When discussing AI's future, the conversation often veers towards the centralized versus decentralized debate. However, this binary classification is insufficient because it overlooks the practicality and privacy requirements of users. Personal AI is emerging as the sought-after solution, where computation for Large Language Models (LLMs) can be executed locally on personal devices. This local execution is preferred because it avoids the increased costs and privacy risks associated with decentralized AI, which, while beneficial for blockchain applications like smart contracts and gaming, may not align with the daily needs of AI users.

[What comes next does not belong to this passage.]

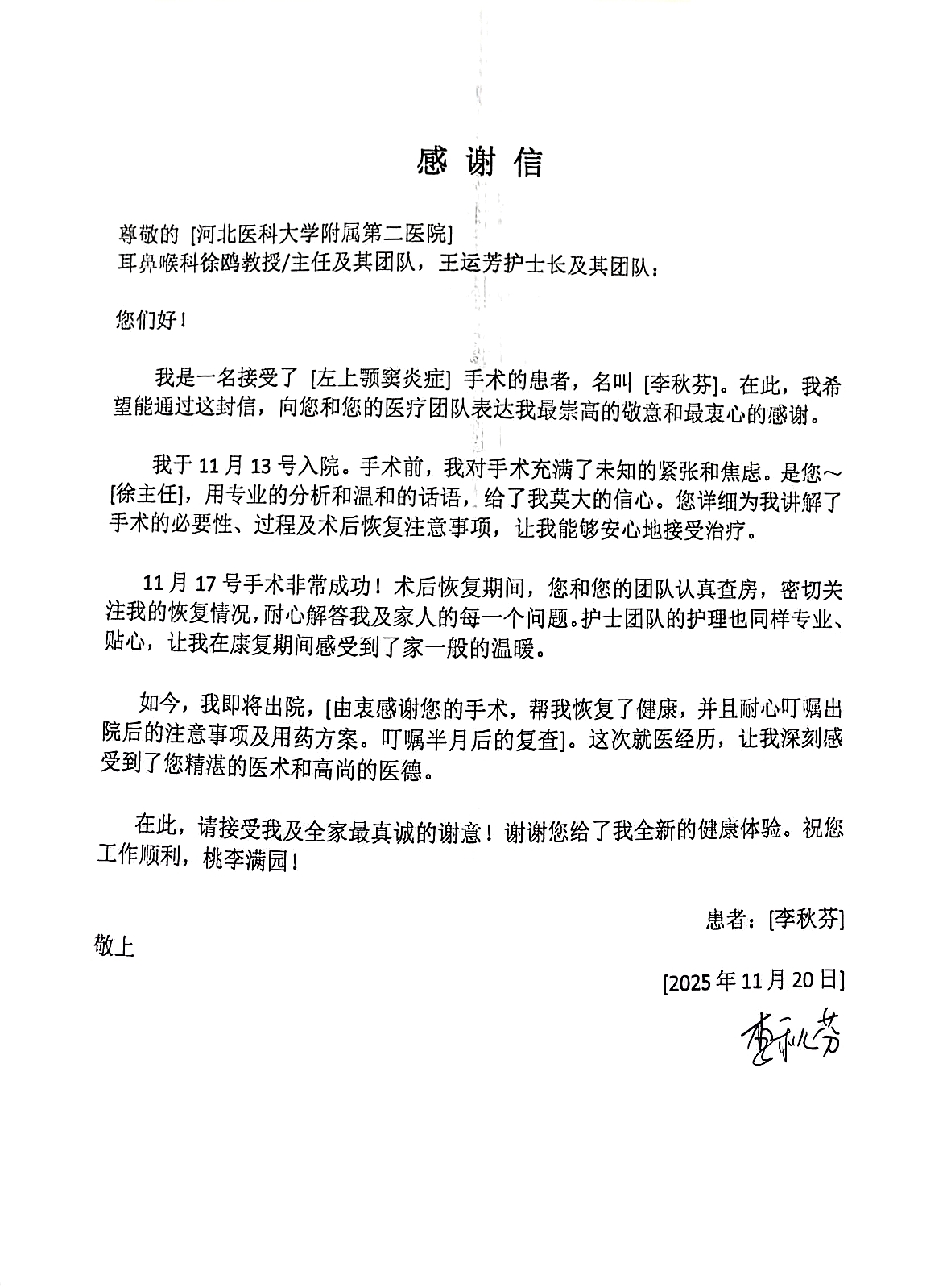 致耳鼻喉科徐鸥主任及其团队、王运芳护士长及其团队的感谢信

Decentralized computation has been crucial for trustless systems where transactions and interactions need to be verified without central oversight. However, for AI, the interaction isn't just transactional; it's about knowledge processing. This is where the centralization versus decentralization framework fails to capture the nuances of AI's requirements. The true value in the AI landscape is the ongoing access to dynamic and current data, not merely the static datasets used during initial training.

LLMs can grow their knowledge base primarily through two methods: fine-tuning and Retrieval-Augmented Generation (RAG). Fine-tuning is more rigid, suitable for enhancing specific skills but less so for integrating a broad range of new knowledge. RAG excels at incorporating specific knowledge but is not designed to teach new complex skills. As LLM computation becomes more affordable due to the rise of open-source models, the focus shifts to the proprietary data that entities own, which is not only unique but also continuously updated.

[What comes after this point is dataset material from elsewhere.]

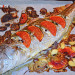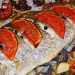 Salpimenta al gusto la corvina, colócala en la bandeja del horno y practica unas incisiones (cincelar) en su piel, introduce en ellas unas bayas de enebro y romero, coloca también las rodajas de pomelo.
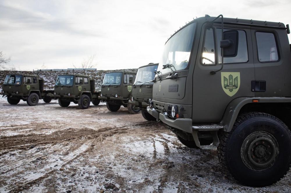 "На ці військові вантажівки DAF, яких ми вже поставили 91 із загального контракту, за нашою спільною ініціативою будуть встановлені зенітні установки – ЗУ-23-2", - розповів Петро Порошенко.

In the near future, LLMs will be widely available for local use or via inexpensive cloud services. The challenge lies in the ability of these LLMs to interact with and process the vast amounts of data being created constantly. Presently, the internet caters to human users with UIs and search engine optimization for bots, but lacks the infrastructure for efficient AI operations which require embeddings and vector databases for computation.

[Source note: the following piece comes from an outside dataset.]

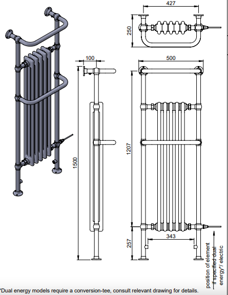 | Description | Regency Tall - MS | floor and wall mounted LG013This traditional towel warmer radiator will not only provide a high heat output and elegant towel hanging space but will add an element of luxury to any bathroom or wet room. |
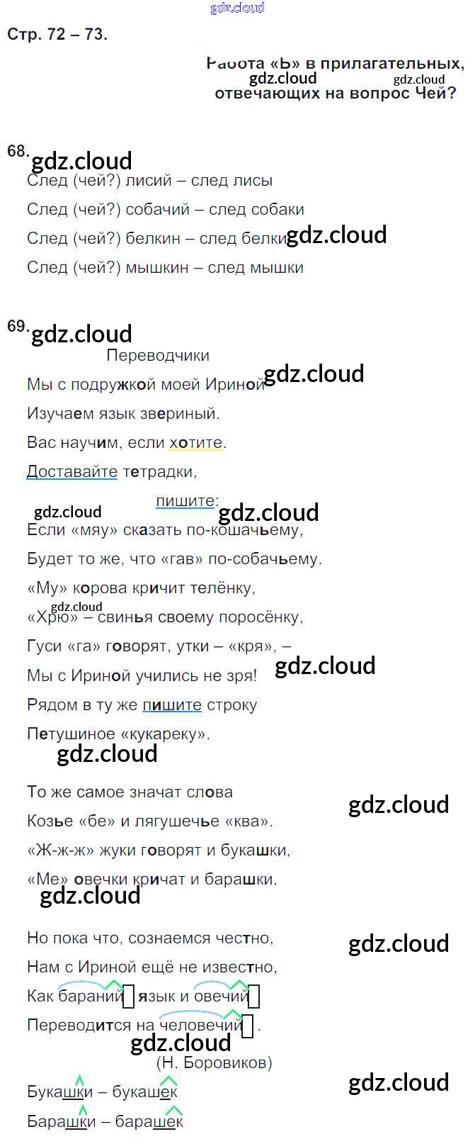 Ответ на задание 72-73 Тетрадь для самостоятельной работы Русский язык за 4 (четвертый) класс Байкова 2016 Часть 1, 2

Shinkai is poised to fill this gap, establishing an off-chain peer-to-peer messaging network that connects LLMs like ChatGPT with up-to-date knowledge, access to private information, privacy, and personal control. The current AI systems often fail to access current information due to reliance on top search engine results, which can be outdated. Moreover, platforms like ChatGPT are not configured to perform personalized tasks based on highly sensitive data such as bank accounts, crypto access, emails, and medical records, due to the inherent risks and legal liabilities involved.

Shinkai, on the other hand, seeks to strike the right balance by connecting LLMs to a decentralized AI network that offers instant access to the latest data (embeddings) from the web. It provides a solution that runs on users' computers, granting them full control over their digital lives without compromising their data privacy. Shinkai's approach is made possible by creating a new filesystem for AI embeddings, a decentralized network of nodes providing AI data, and a zero-knowledge multi-party computation (MPC) protocol to validate data sources. This ensures that data remains confidential and under the user's control while allowing for the expansion of the AI's knowledge and skills through subscriptions to nodes within the Shinkai Data AI Network.

Furthermore, Shinkai differentiates itself by not just aiming to be a better search engine but a personal system that offers tools for performing tasks. It enables LLMs to perform complex tasks by using external tools to interact with the computing stack, such as services, APIs, web search, etc. By taking lessons from programming theory, Shinkai introduces typed tools with interactive plan generation, unlocking advanced multi-step capabilities—for instance, creating a report on the last six months of discussions with a partner from all Slack, Discord, and email communications.

In essence, Shinkai offers a comprehensive and private AI system that empowers users to harness AI for a wide range of real-time applications, transcending the limitations of current AI platforms. It leverages cryptographic protocols optimized for practical use, ensuring a secure, efficient, and user-centric AI experience that aligns with the needs of the modern digital landscape.